Les certificats médicaux initiaux établis le 8 décembre 2024 par le Docteur [G] [V] et par le Docteur [L] [D] décrivaient en ces termes l’existence de troubles mentaux :
« refus de soins, auto agressivité et mise en danger d’elle-même, période de catatonie »,« patiente en état catatonique, totalement mutique, yeux mi-clos en permanence et présentant des tremblements des membres inférieurs ».
Le 9 décembre, le Docteur [U] rappelait que [A] [I] a été admise pour troubles du comportement avec état catatonique, mutisme, auto-agressivité, refus des soins et mise en danger d’elle-même. Il relevait que lors de l’entretien, la patiente est calme, présentant un fin tremblement généralisé, avec un ralentissement psychomoteur avec voix basse mais propos audibles, une thymie basse mais sans effondrement massif et un discours cohérent sans éléments de la sphère de la psychose. Le médecin constatait que [A] [I] revenait sur les circonstances de son arrivée à l’hôpital, notamment les chutes volontaires dans les escaliers devant son mari, qui étaient motivées par une intentionnalité suicidaire. Il notait que [A] [I] critique ce comportement qu’elle lie à une détresse psychologique devant la détérioration de son état depuis sa sortie de l’hospitalisation de [Localité 8], qu’elle est en demande d’aide pour retrouver une autonomie qu’elle dit avoir perdu avec les divers traitements et qu’elle se plaint de troubles du sommeil faits de réveils fréquents.

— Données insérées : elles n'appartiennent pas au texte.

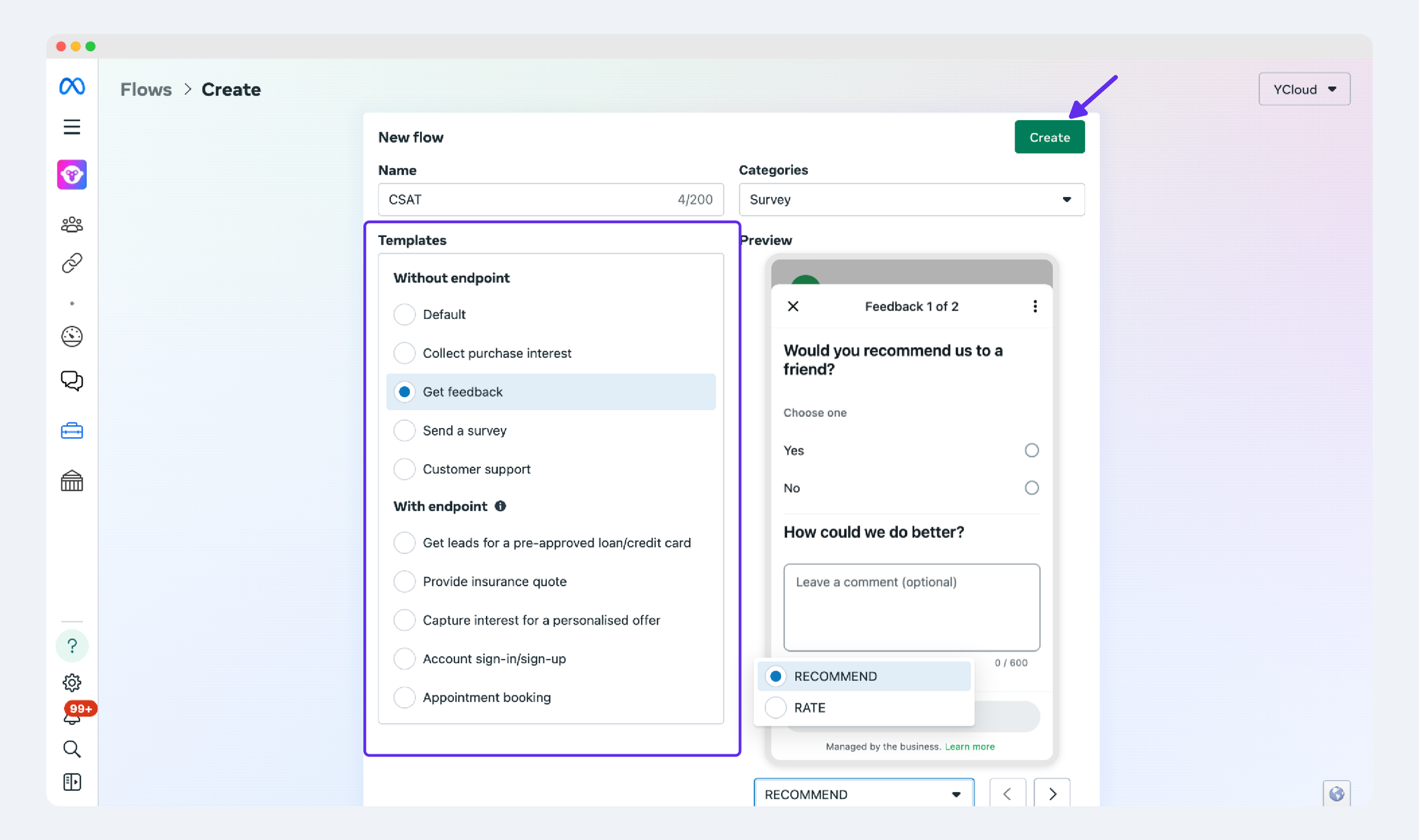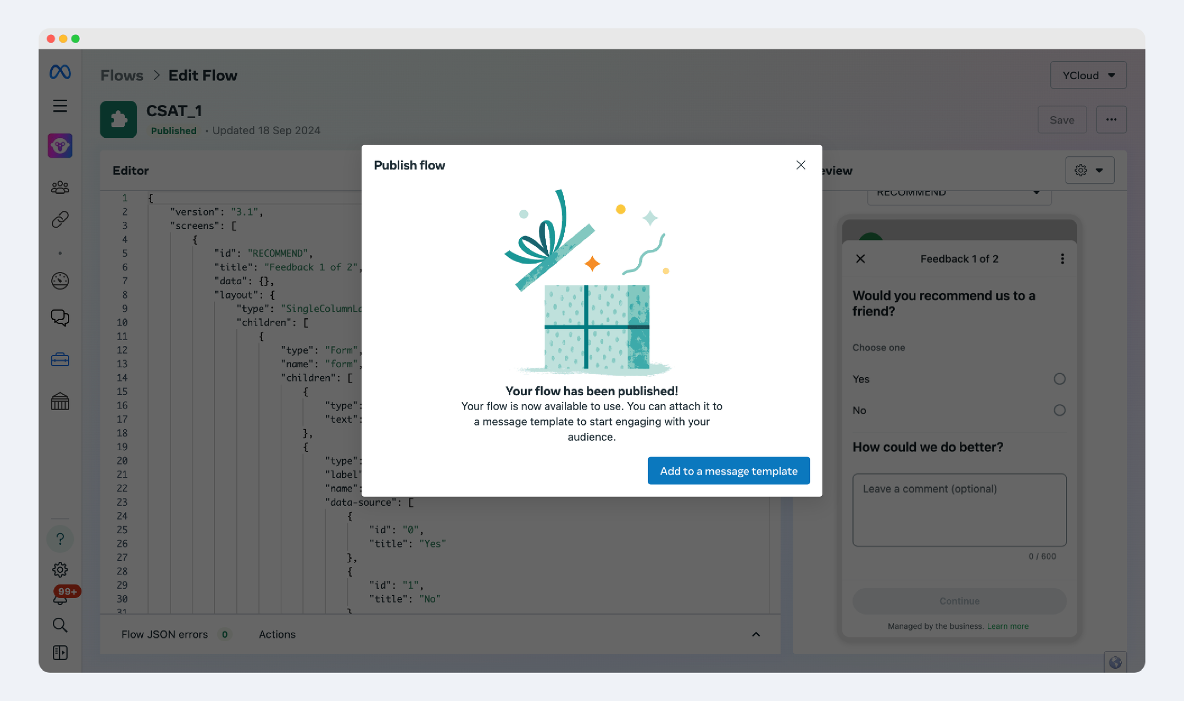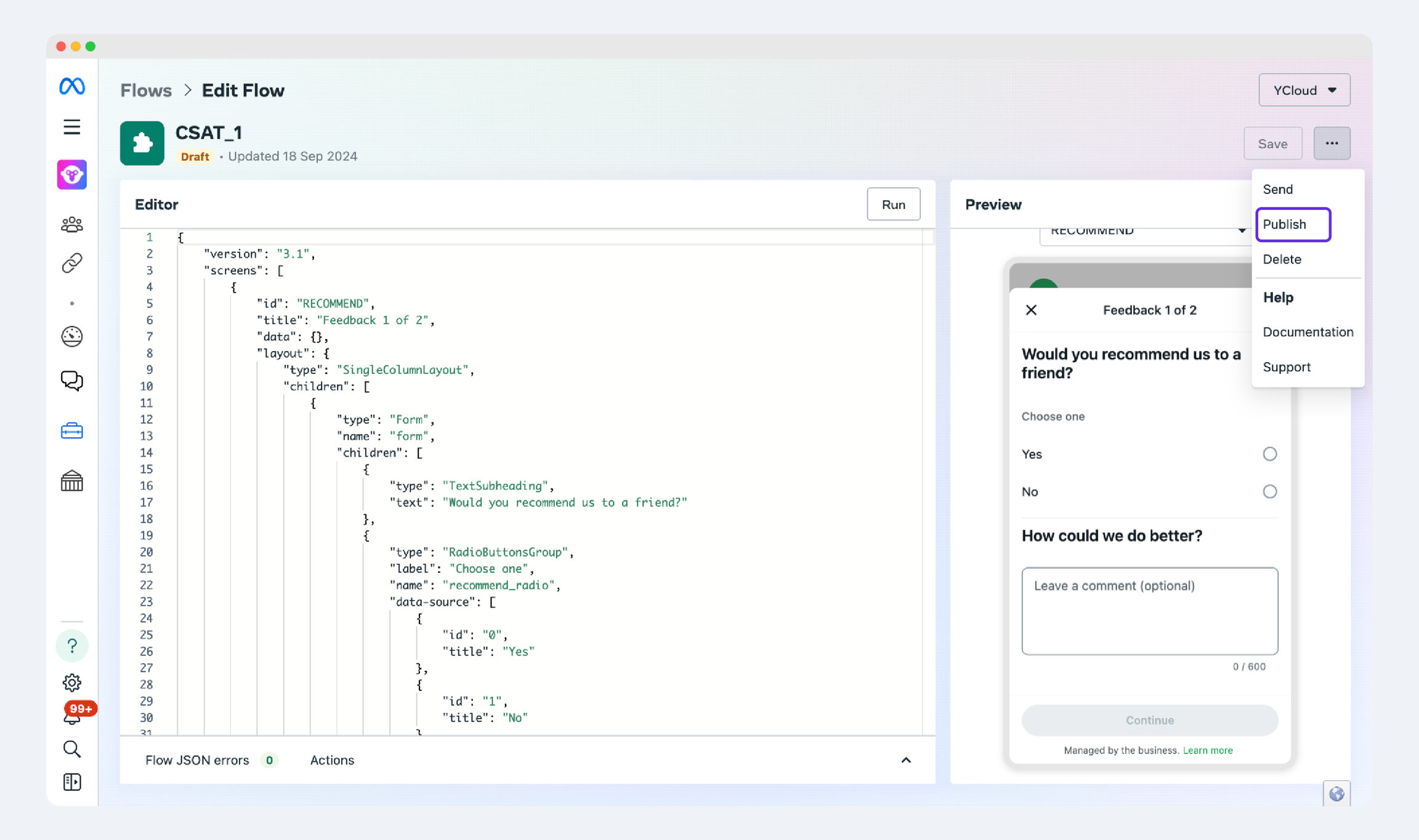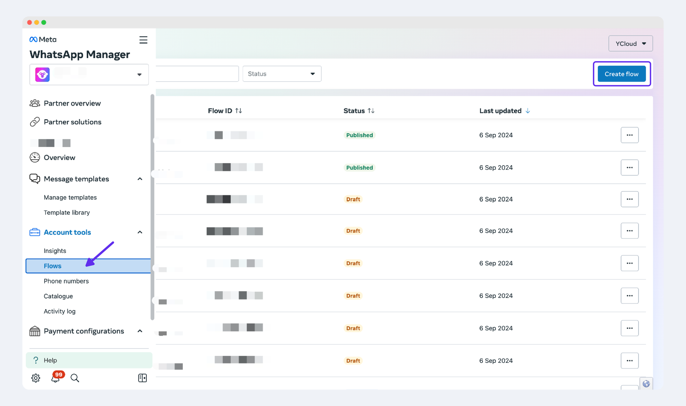 YCloud currently does not support creating WhatsApp Flows in the YCloud backend. You will need to create them in your own BM (Business Manager) backend. However, please note that only accounts with business verification can create Flows.

Le 11 décembre, le Docteur [R] rappelait que [A] [I] est hospitalisée dans le cadre d’un syndrome dépressif sévère avec des idéations suicidaires. Il constatait une évolution médiocre avec une patiente quasi mutique, qui a refusé de s’alimenter et n’a que très peu bu. Il notait un contact difficile, une symptomatologie évocatrice d’un début de syndrome catatonique sous réserve de l’évolution ultérieure et la nécessité de poursuivre l’hospitalisation.
Dans l’avis motivé daté du 13 décembre 2024, le Docteur [Y] constatait une présentation correcte, un contact pauvre, des propos rares mais cohérents. Il indiquait que [A] [I] exprimait une culpabilisation vis-à-vis de son époux en estimant l’avoir poussé à bout avec sa maladie. Il relevait que le langage est difficilement compréhensible et qu’un ralentissement idéo-moteur était présent.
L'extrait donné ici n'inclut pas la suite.